**Work to complete**
When the line containing "上限位:开关调整位置必须保证托架最上边的两跟折叠杆间距还有5~10mm以上;" is found in the data below, give it again along with every later line, exactly; drop the pictures.

==== Supplied data

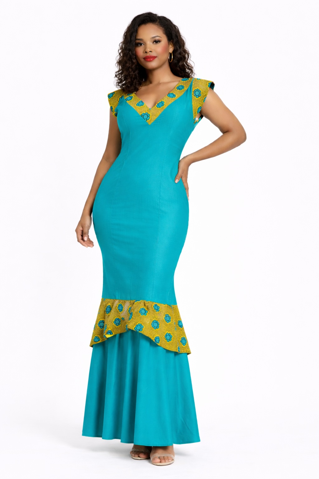 Crafted from authentic African wax print cotton, the bold patterns and vibrant colors celebrate tradition and individuality. Lightweight and breathable, this dress is perfect for warm weather while delivering a refined, standout look wherever you go.
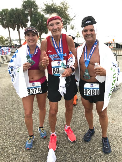 We had some good laughs at the two ”liquor bars” set up on residents driveways. Neither myself nor any of my runners opted for a tequila shot or Mimosa. I ran with the Australian gal and two or three others very close behind hanging on at mile eight. The South course does have curves and as long as we could run tangents without interfering with other oncoming runners, we did. I explained the benefits of this to my group. Once we got to mile 10, we were on target for the slightly below 1:45 finish. Now even the Australian lady began to fade back and I was catching up to Ed. He was in good shape and running strong, he wanted to beat a 1:46 time – so his goal was to finish ahead of me or at the very least right with me. He had good form and I encouraged him to stay with me until we had less than a mile left to go. The finish line was a bit further than the traditional older amphitheater site, so when we came down the final slope and onto the long straightaway leading into Cocoa Village, he sped up and ran ahead. I recognized a female runner in front of me, Nimia González. I ran up next to her and told her to hang on and run right with me. She was happy to see someone she knew from West Palm Beach! She said she was very tired. I explained how close we were within 1.5 miles to the finish and how she definitely was strong enough to stay with me. I also ran by an older gentleman with a red singlet and graying hair. I encouraged him to join us – he tried for about a quarter of a mile, then he fell off our eight-minute pace. As we went through Cocoa Village, Nimia and I recognized and waved at a few runners from our area that had already finished their half marathon on the North course. I think this distraction helped her because we were only one right turn away from the final straightaway and the park with the finish line. I saw Mike up ahead making his finish ahead of me – that’s a PR! Nimia sprinted ahead and also finished slightly ahead of me. She met me at the finish line along with her boyfriend to thank me for not allowing her to walk that last mile. I crossed in 1:44:33.
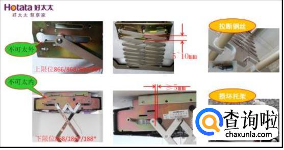 上限位:开关调整位置必须保证托架最上边的两跟折叠杆间距还有5~10mm以上;
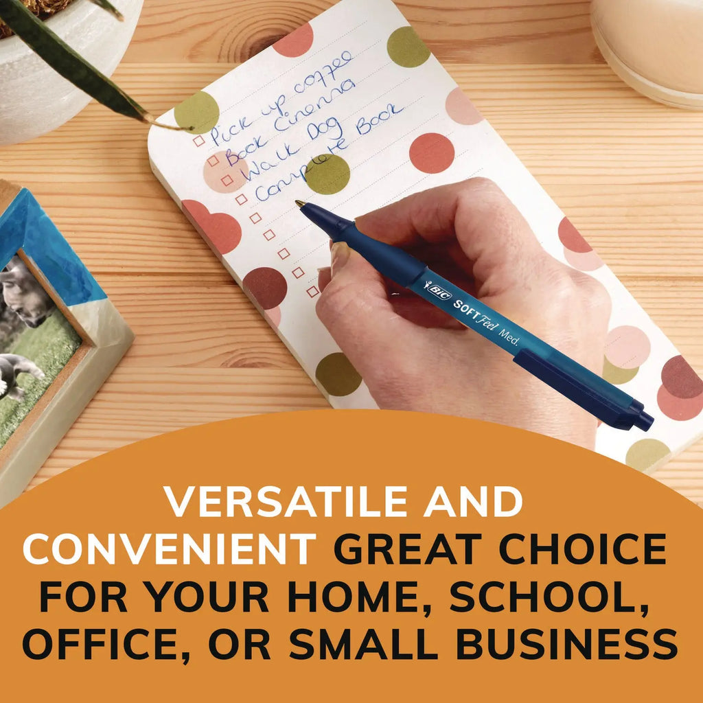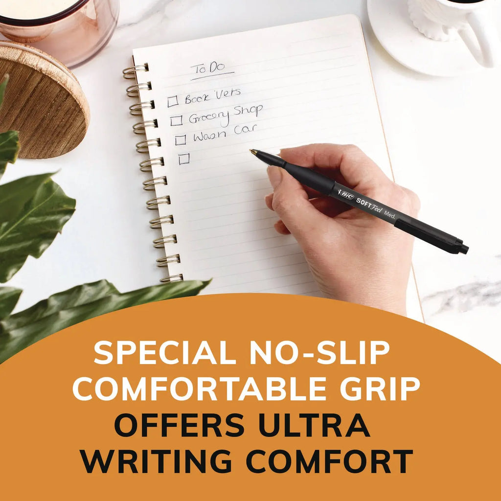 Retractable ballpoint features a unique, Soft Feel® barrel for ultimate writing comfort and a special no-slip grip for comfortable all-day use.
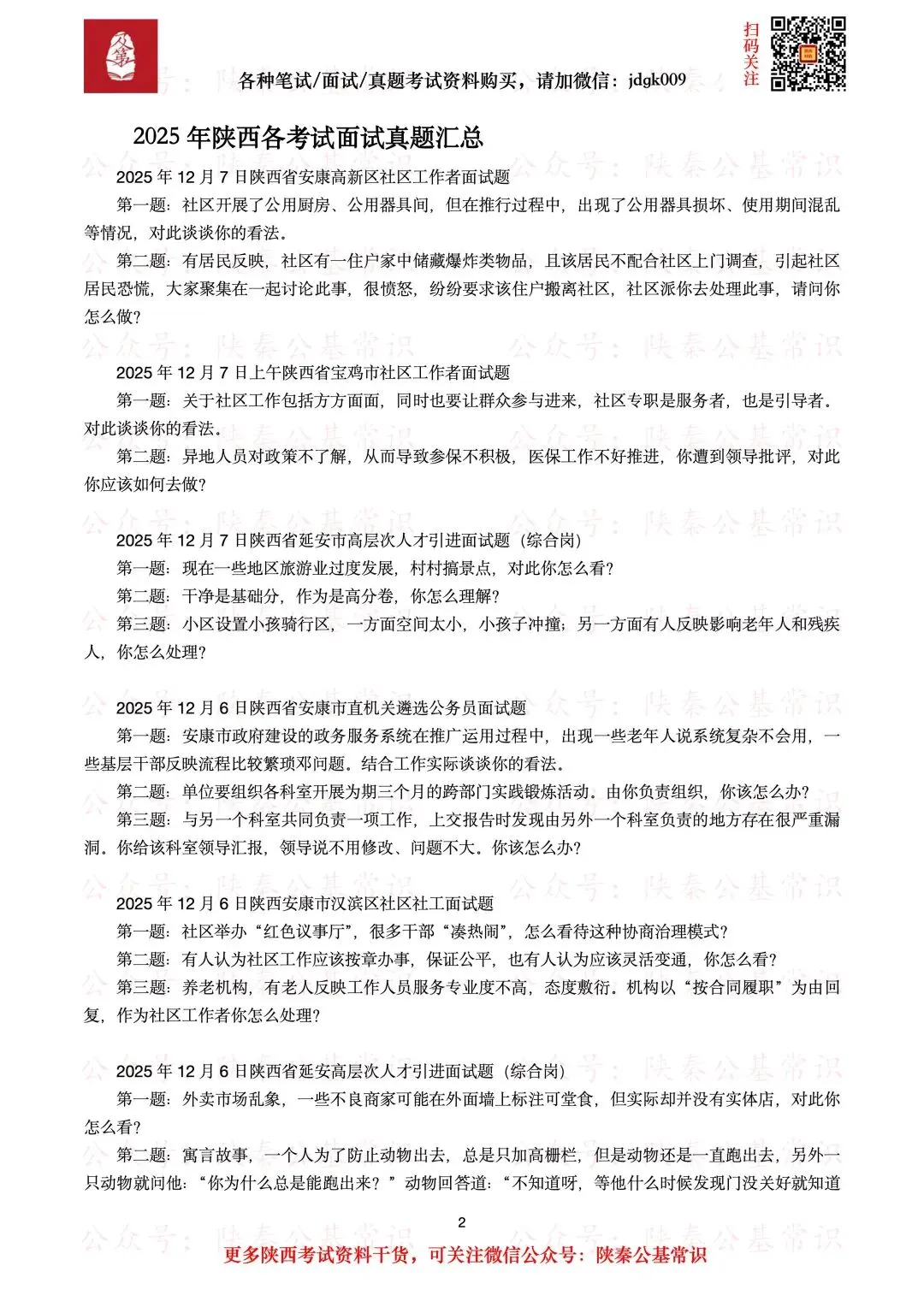 陕西各考试面试真题汇总内含:2021年—2025年陕西各考试面试真题汇总,包含陕西公务员、陕西事业单位、陕西教师招聘、陕西招警、陕西三支一扶等各种考试的面试真题。总计95页。
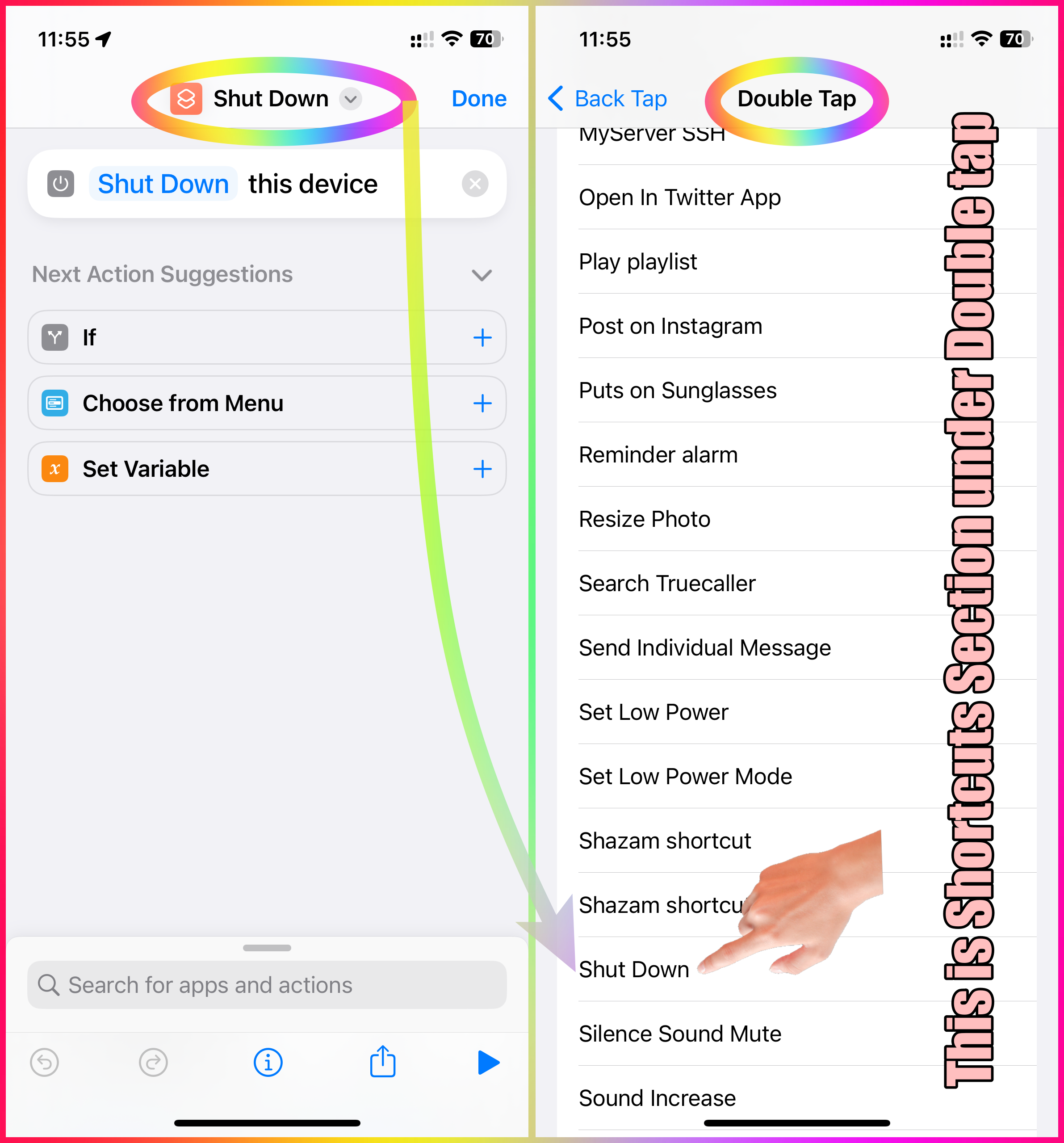 How do you turn off the iPhone using Double Tap? "Turn off" was not one of the options for actions.
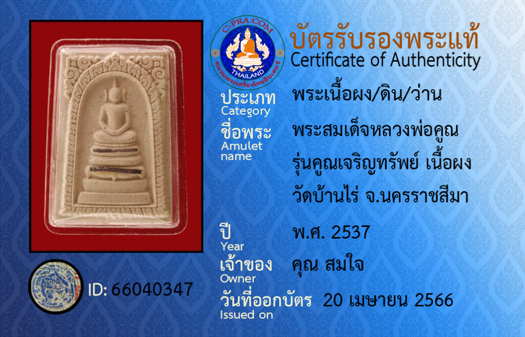 ชื่อพระ :พระสมเด็จหลวงพ่อคูณ รุ่นคูณเจริญทรัพย์ เนื้อผง วัดบ้านไร่ จ.นครราชสีมา

========

**Expected answer**
 上限位:开关调整位置必须保证托架最上边的两跟折叠杆间距还有5~10mm以上;
 Retractable ballpoint features a unique, Soft Feel® barrel for ultimate writing comfort and a special no-slip grip for comfortable all-day use.
 陕西各考试面试真题汇总内含:2021年—2025年陕西各考试面试真题汇总,包含陕西公务员、陕西事业单位、陕西教师招聘、陕西招警、陕西三支一扶等各种考试的面试真题。总计95页。
 How do you turn off the iPhone using Double Tap? "Turn off" was not one of the options for actions.
 ชื่อพระ :พระสมเด็จหลวงพ่อคูณ รุ่นคูณเจริญทรัพย์ เนื้อผง วัดบ้านไร่ จ.นครราชสีมา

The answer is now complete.